# Rainy Rough-In In Texas



## TX MECH PLUMBER (May 27, 2011)

jc-htownplumber said:


> You know I really do enjoy and am glad that when a DIY comes and post something it doesn't take long to get shut down. But one thing I haven't figured out is how some people know someone hasn't posted and intro besides by checking their profile


I think that's the only way. Go to threads they started and if you dont see one under introductions then they havnt posted one!! Plus I recognize most screen names. How's h town ?? Y'all get some rain down ther ????


----------



## jc-htownplumber (Feb 29, 2012)

I Remember the big sn that post on a regular basis but some I don't recognize but They have an intro once I check their profile but Yeah finally everything is starting to look live and green again which is real good rained past two days change of rain the next to I say bring it on


----------



## TX MECH PLUMBER (May 27, 2011)

Rain is good but I'm in the middle of a rough in and it makes a muddy mess nit to mention having to cover or fill the pipe to prevent it from floating!!! Just one more dry day and then let it pour!!!


----------



## jc-htownplumber (Feb 29, 2012)

Yeah I can see were that can be a pain


----------



## TX MECH PLUMBER (May 27, 2011)

Got it done and water in it about 2:00. It started Raing at 3. Here's pics this mornin


----------



## TX MECH PLUMBER (May 27, 2011)

It's a love lake hate relationship. I love it for the lake hate it for work!! Me in the green hard hat. Gc in the gray


----------



## LEAD INGOT (Jul 15, 2009)

I just did an underground last week that had a watertable so high, it was about 6" down from the top of the footing. I had to keep 2 pumps running to get it installed, and long enough for it to cure so I could fill it for testing, and keep it from floating up. Fun fun. Nice job in those conditions.


----------



## TX MECH PLUMBER (May 27, 2011)

Thanks for moving my thread. Didn't mean to derail that other one!!


----------



## TX MECH PLUMBER (May 27, 2011)

LEAD INGOT said:


> I just did an underground last week that had a watertable so high, it was about 6" down from the top of the footing. I had to keep 2 pumps running to get it installed, and long enough for it to cure so I could fill it for testing, and keep it from floating up. Fun fun. Nice job in those conditions.

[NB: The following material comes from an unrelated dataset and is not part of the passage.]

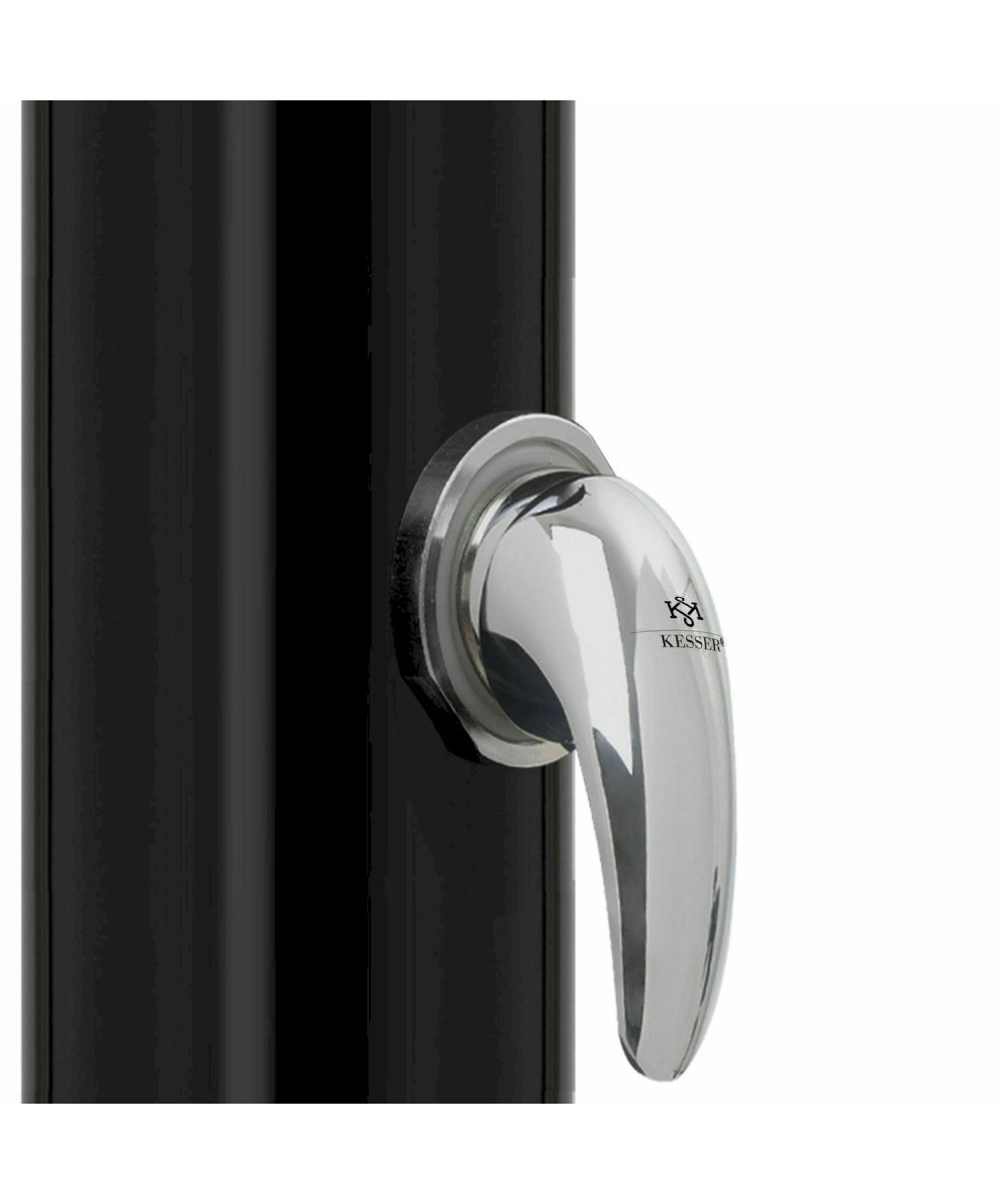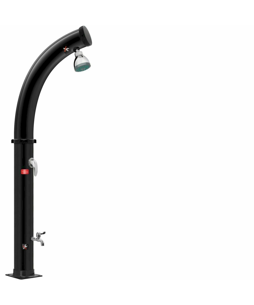 Über eine Einhebelmischbatterie aus Metall vermischt sich das warme Wasser im Tank mit dem kalten Wasser aus dem Gartenschlauch. Somit lässt sich die Wassertemperatur stufenlos nach Belieben einstellen . Der massive Fuß aus Metall sorgt für einen sicheren und stabilen Stand .

Water table here is high too. Sucks fighting it the whole time


----------



## pilot light (Apr 21, 2012)

TX MECH PLUMBER said:


> Water table here is high too. Sucks fighting it the whole time


 Try living in a rain forest !


----------



## revenge (Jun 30, 2011)

Had to pump out a few semi docs at local stores their pumps went out, easy money and easy as hell booya


----------



## jc-htownplumber (Feb 29, 2012)

Man I can't say I ever done anything that tough grounding in a mud hole


----------



## revenge (Jun 30, 2011)

when i did new construction we ran through that stuff a alot i cant say i miss it though


----------



## TX MECH PLUMBER (May 27, 2011)

Lav and urinal carriers set and stack out done. Water is next and then I'm done


----------



## plbgbiz (Aug 27, 2010)

Nice work Tex. :thumbup::thumbup:


----------